ORDER DENYING CERTIFICATE OF APPEALABILITY*
Clarence Brown seeks a certificate of appealability (“COA”) to appeal the district court’s denial of his 28 U.S.C. § 2254 habe-as petition. We deny a COA and dismiss.
I
Brown was convicted in New Mexico state court of trafficking methamphetamine by manufacture, conspiracy to traffic methamphetamine by manufacture, and possession of a stolen vehicle. He was sentenced as a habitual offender to seventeen years’ imprisonment. His convictions were affirmed on direct appeal, and the New Mexico courts denied state post-conviction relief. Brown then sought habeas relief in federal court in a petition raising both exhausted and unexhausted claims. Brown voluntarily withdrew his unexhaust-ed claims, and the district court denied relief on his remaining issues. The district court also denied a COA. Brown now seeks a COA from this court.
II
Brown may not appeal the denial of habeas relief under § 2254 without a COA. § 2253(c)(1). We may issue a COA “only if the applicant has made a substantial showing of the denial of a constitutional right.” § 2253(c)(2). To satisfy this standard, Brown must demonstrate “that reasonable jurists could debate whether (or, for that matter, agree that) the petition should have been resolved in a different manner or that the issues presented were adequate to deserve encouragement to proceed further.” Slack v. McDaniel, 529 U.S. 473, 484, 120 S.Ct. 1595, 146 L.Ed.2d 542 (2000) (quotations omitted).
Brown raises three issues on appeal. First, he argues that the evidence was insufficient to convict him. He does not challenge any particular finding of the state courts, but contends that his conviction impermissibly rested on the testimony *740of a coconspirator who had been given a plea bargain. The New Mexico Court of Appeals applied the correct standard in assessing this claim. See Pilon v. Bordenkircher, 444 U.S. 1, 2, 100 S.Ct. 7, 62 L.Ed.2d 1 (1979) (per curiam) (sufficiency of the evidence inquiry is “whether, after viewing the evidence in the light most favorable to the prosecution, any rational trier of fact could have found the essential elements of the crime beyond a reasonable doubt” (quotation omitted)). And the state appellate court correctly declined to reweigh the credibility of the witnesses, including the cooperating co-conspirator. See United States v. Virgen-Chavarin, 350 F.3d 1122, 1134 (10th Cir.2003) (“We will not hold that testimony is, as a matter of law, incredible unless it is unbelievable on its face, i.e., testimony as to facts that the witness physically could not have possibly observed or events that could not have occurred under the laws of nature.”); see also United States v. Singleton, 165 F.3d 1297, 1301 (10th Cir.1999) (en banc) (“[N]o practice is more ingrained in our criminal justice system than the practice of the government calling a witness who is an accessory to the crime for which the defendant is charged and having that witness testify under a plea bargain that promises him a reduced sentence.”). We discern no error in the state court’s rejection of this proposition.

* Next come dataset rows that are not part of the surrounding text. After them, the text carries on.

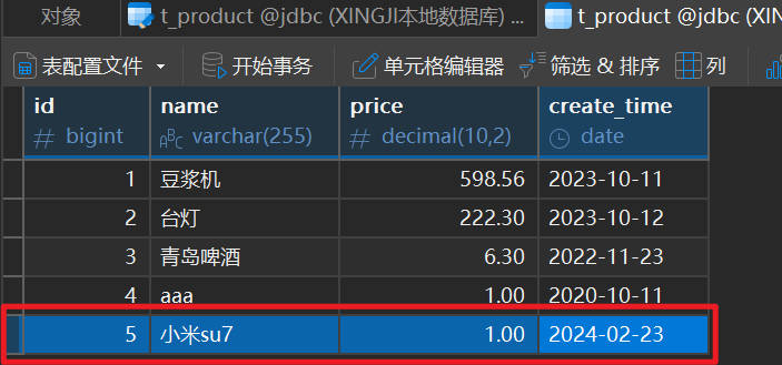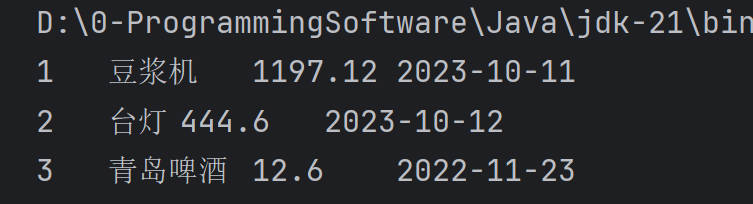 String sql = "insert into t_product(name,price,create_time) values('小米su7',1.0,'2024-02-23')";
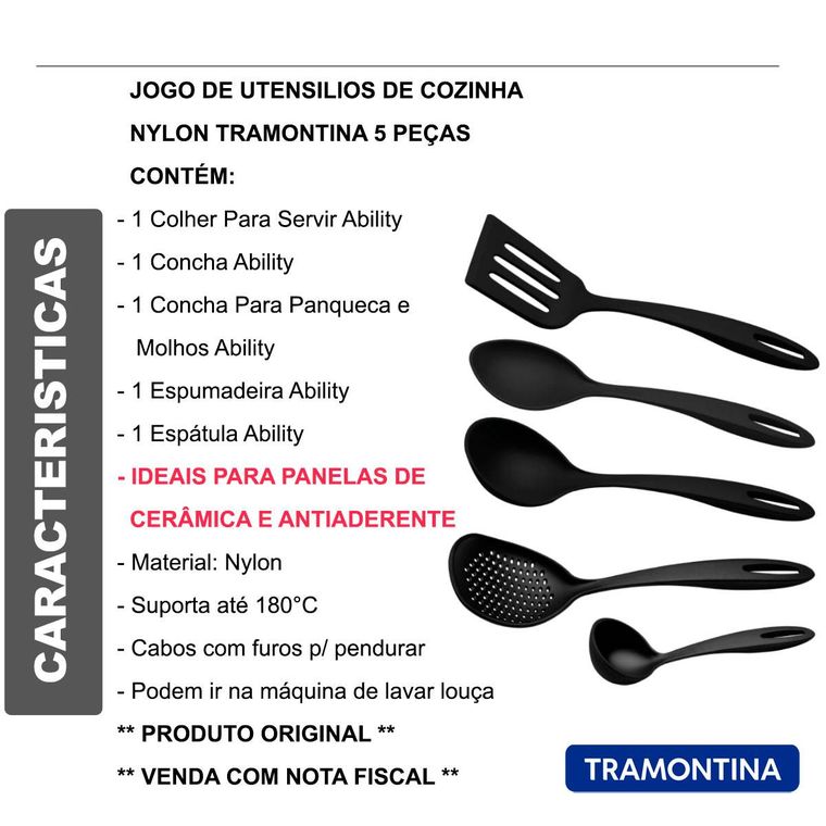 JOGO DE UTENSILIOS TRAMONTINA ABILITY EM NYLON 5 PEÇAS
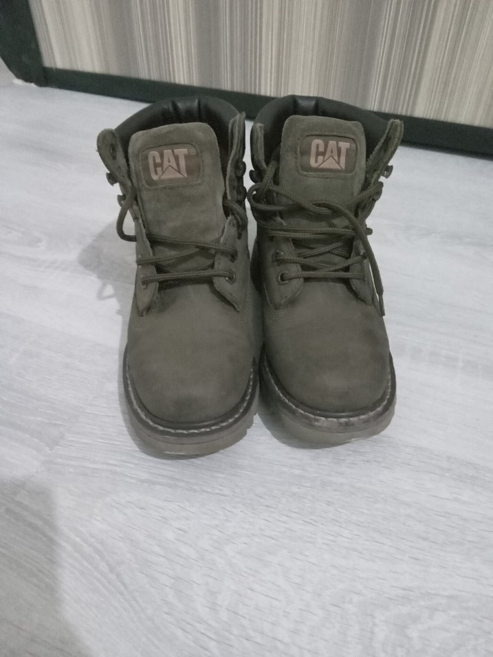 yesil CAT kadın botları, dolgu topuklu ve tokalı detaylı, günlük rahat sokak stili için uygun kauçuk malzemeden yapılmıştır. altında kusuru car c harfi yok sadece
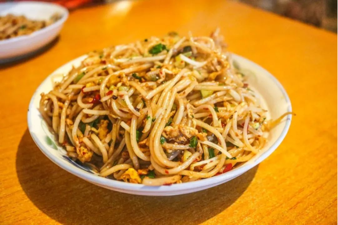 更值得一提的是,萍鄉炒粉。這是與南昌拌粉、柳州螺蛳粉齊名的存在。炒粉所用的粉是粳米磨成,機器擠壓成型。鍋裏淋上一圈油,放進米粉,再加點辣椒、豆芽、擦菜,鐵鏟(chǎn)與鍋壁互相交手幾個回合,一碗萍鄉炒粉就熱氣出鍋瞭(le)。套用萍鄉方言來表述就是:“個碗幾擦菜炒粉硬是看得都跌口水!”
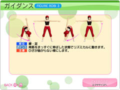 セレクトモードのガイダンスではエクササイズのポイントを図入りでわかりやすく解説しています。
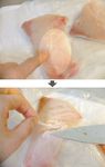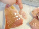 【おまけ:骨取り②】 指で触ってみて少し深めに骨がある場合は、骨に沿って包丁を入れると指でスッと抜き取れます。 |
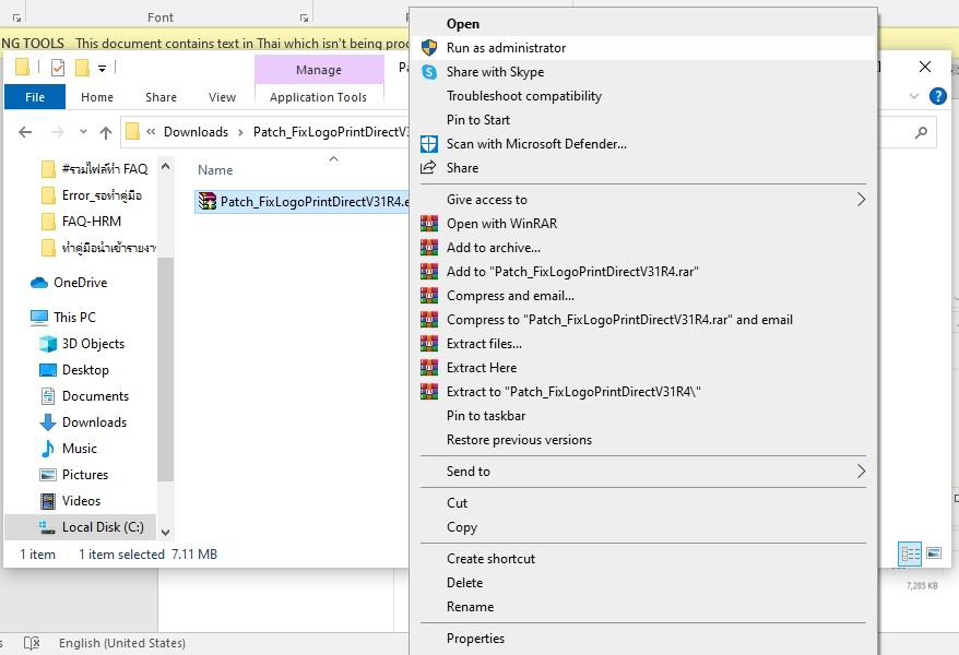 4. ดับเบิ้ลคลิกโฟลเดอร์ Patch_FixLogoPrintDirectV31R4 จะพบไฟล์ Patch_FixLogoPrintDirectV31R4.exe จากนั้นทำการติดตั้งโดยคลิกขวาแล้วกด Run as administrator

Second, Brown argues that evidence introduced at his trial was obtained pursuant to an illegal search. However, “a state prisoner may not be granted federal habe-as relief on the ground that evidence was obtained in an unconstitutional search or seizure so long as the State provided an opportunity for full and fair litigation of Fourth Amendment claims.” Matthews v. Workman, 577 F.3d 1175, 1194 (10th Cir. 2009) (quotation omitted). As the district court noted, Brown was given a full and fair opportunity to litigate his Fourth Amendment claim. His trial counsel moved to suppress the evidence at issue, and appellate counsel challenged the trial court’s rejection of that motion on appeal. Brown asserts that the evidence should have been suppressed, but does not identify any defect in the state court proceedings and has thus waived any such challenge. See Burlington N. & Santa Fe Ry. Co. v. Grant, 505 F.3d 1013, 1031 (10th Cir.2007) (issues advanced without reasoned argument are waived).
Finally, Brown argues cumulative error. Because we agree with the district court that Brown has not demonstrated any individual error, this claim necessarily fails. See Castro v. Ward, 138 F.3d 810, 832 (10th Cir.1998) (“Cumulative-error analysis applies where there are two or more actual errors. It does not apply, however, to the cumulative effect of non-errors.”).
Ill
For the foregoing reasons, we DENY a COA and DISMISS the appeal.